Lower IOPS than expected / slow small file transfer through SMB

truenasuserh

Cadet
Joined
Sep 29, 2020
Messages
9
I've got the following setup:
1701266370233.png


Disks here are Seagate IronWolf 12 TB hard disks (ST12000VN0008)
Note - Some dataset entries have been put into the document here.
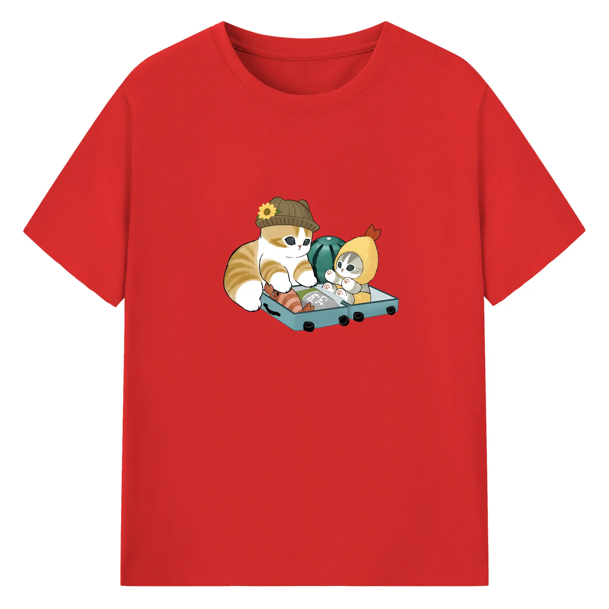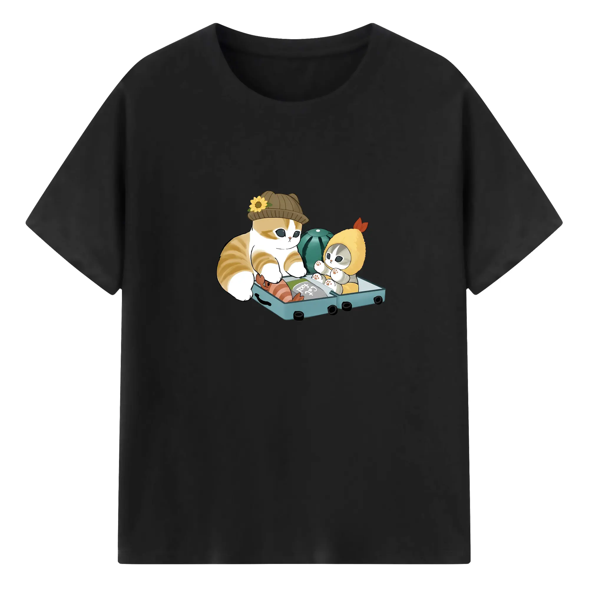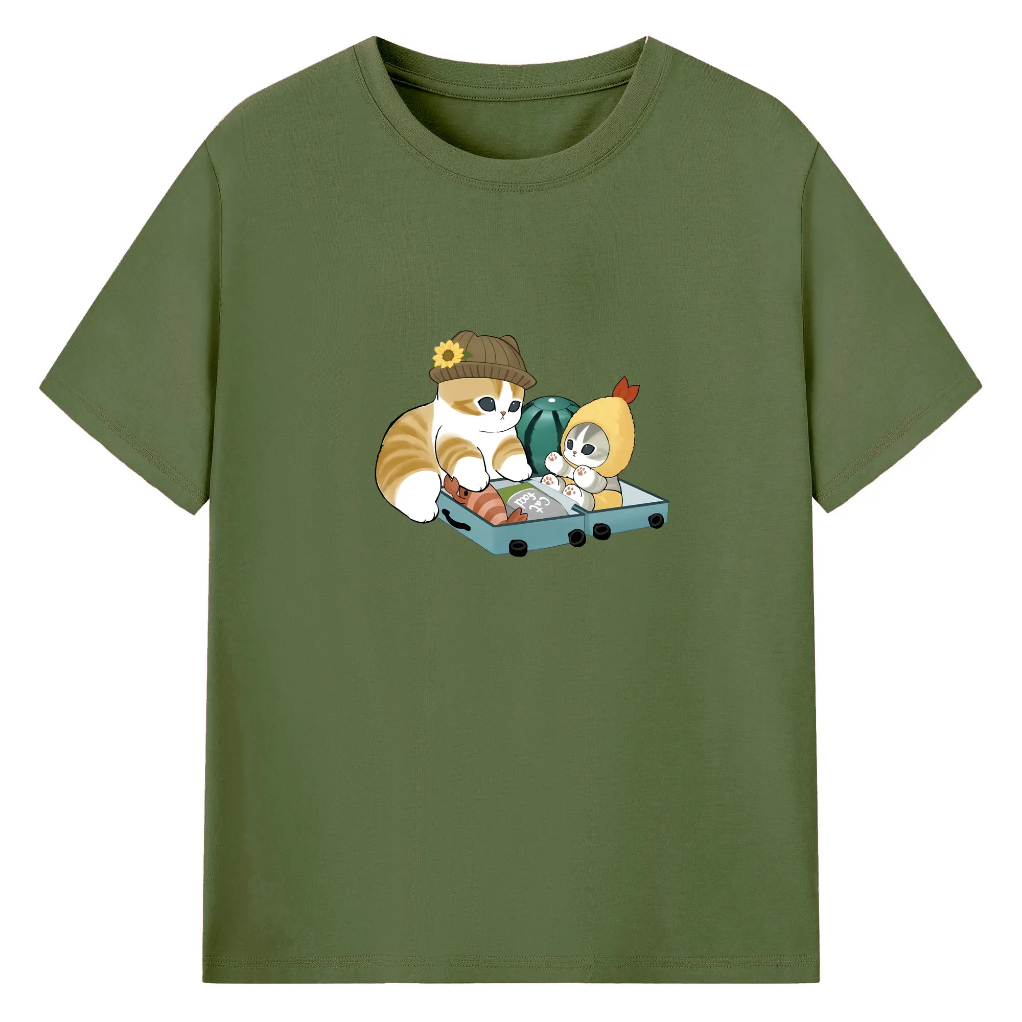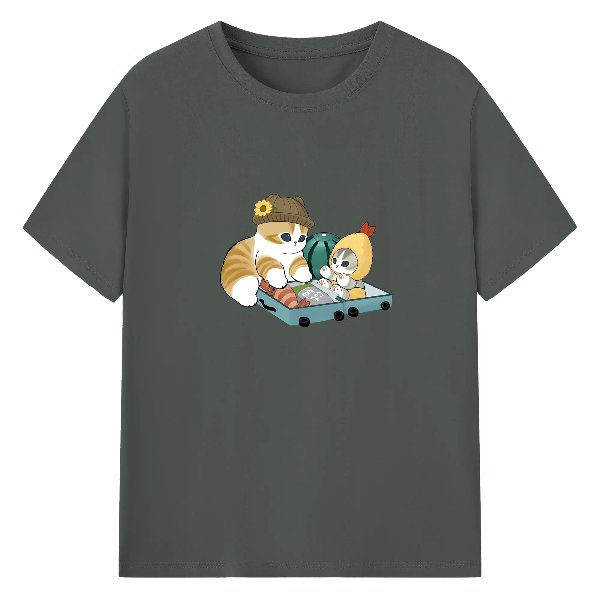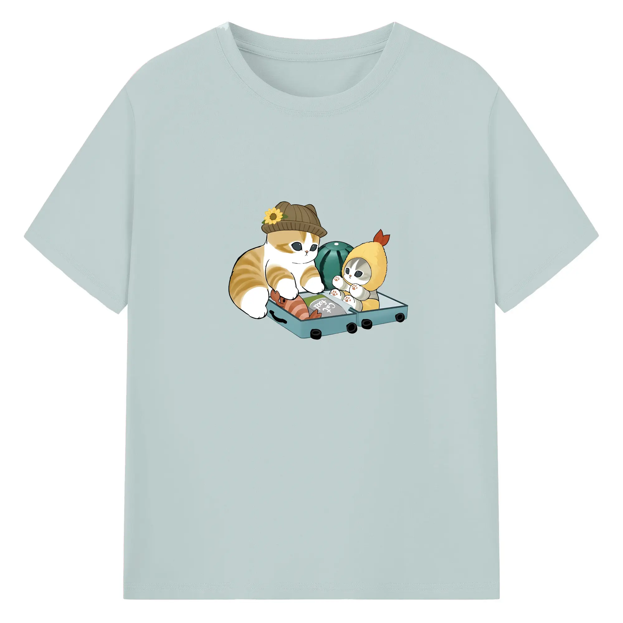 Mofusand ネコ×ドーナツ キャラクター 可愛いデザイン - 綿100% 半袖Tシャツ ・ フロントプリント ・ 快適 通気性 ・ 日常使い 散歩 スポーツ用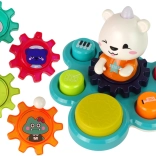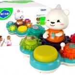 - Režim tvorby: Stredové žlté tlačidlo aktivuje melódie a sedem rôznych farieb diód. Deti môžu skladať vlastné melódie prostredníctvom pohybu ozubených kolies. Rotácia kolies počas melódií zvyšuje rytmus a rýchlosť hudby.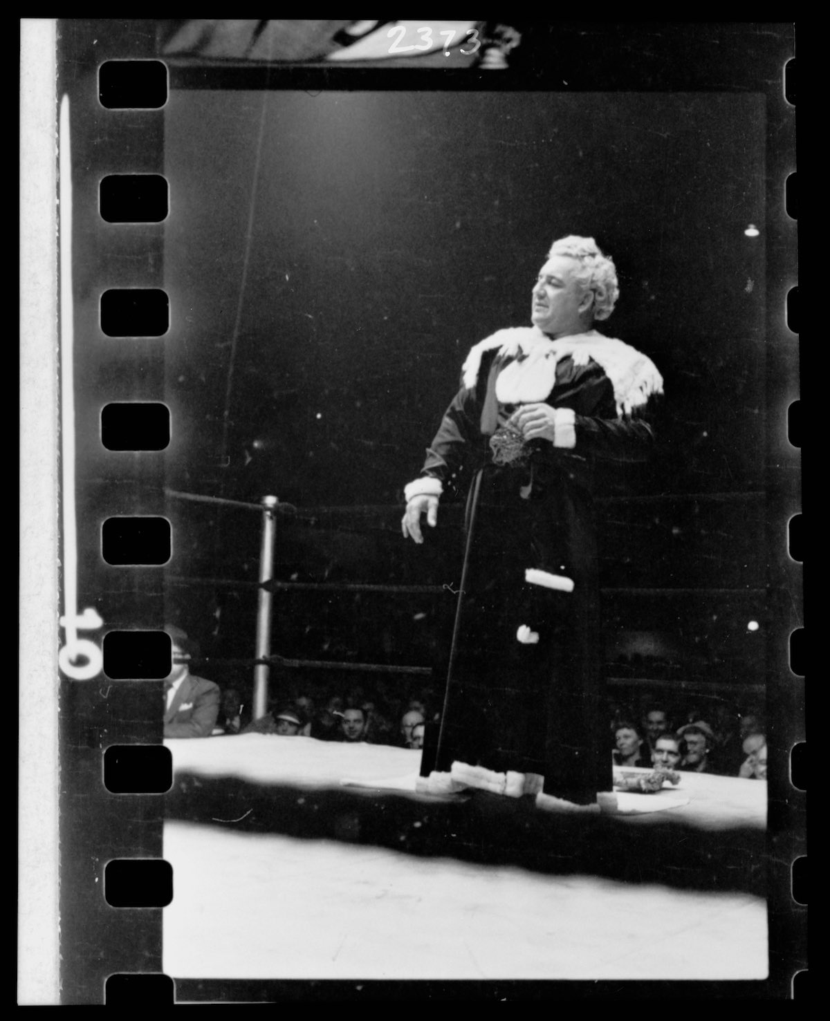 Gorgeous George, full-length portrait, standing in wrestling ring, facing left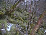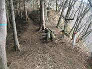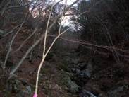 7時08分に沢沿いに出た。しばらく沢の右岸側を登って、7時11分にこの沢を渡る。ちょうど沢が二股に分かれている場所である。分かれている沢を2つとも渡る。そして、しばらく植林の中を登ると、7時26分に「ヲイ平」という場所に出た。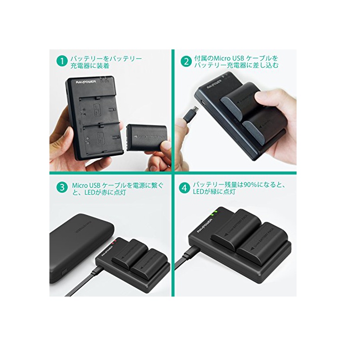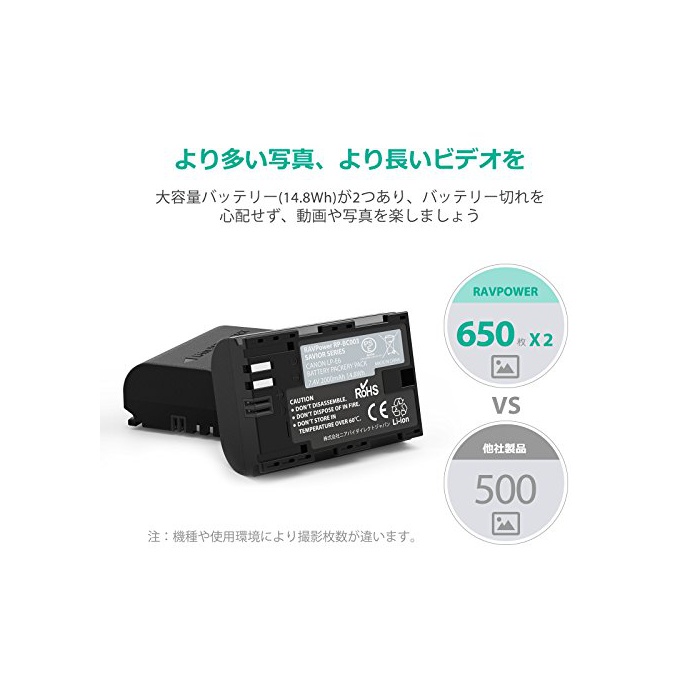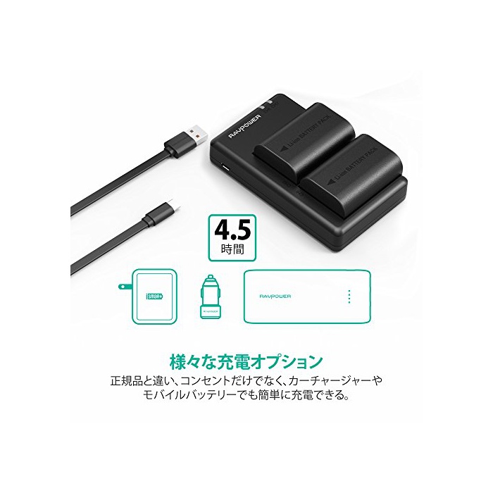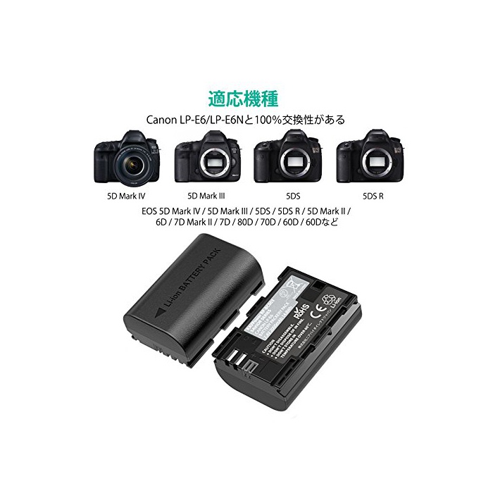 원본상품명: バッテリパック RAVPower LP-E6 LP-E6N 互換バッテリ 2個 + 充電器 セット ( 大容量 2000mAh USB 急速充電 ) EOS 5D Mark IV 、 EOS 80

I've got a test folder of representative production data, which I copy over SMB. This folder is 2.2GB, with mixed filesizes, some 12KB, some 2MB, with a ratio of roughly 50/50 (in size, not file count). During this, the smallest files seem to slow down the copy a lot. My boss is convinced that small or big files shouldn't matter, as small files would get aggregated using transactions, and therefore the hard drives will only see large consecutive writes. This copy takes roughly 59.5 seconds.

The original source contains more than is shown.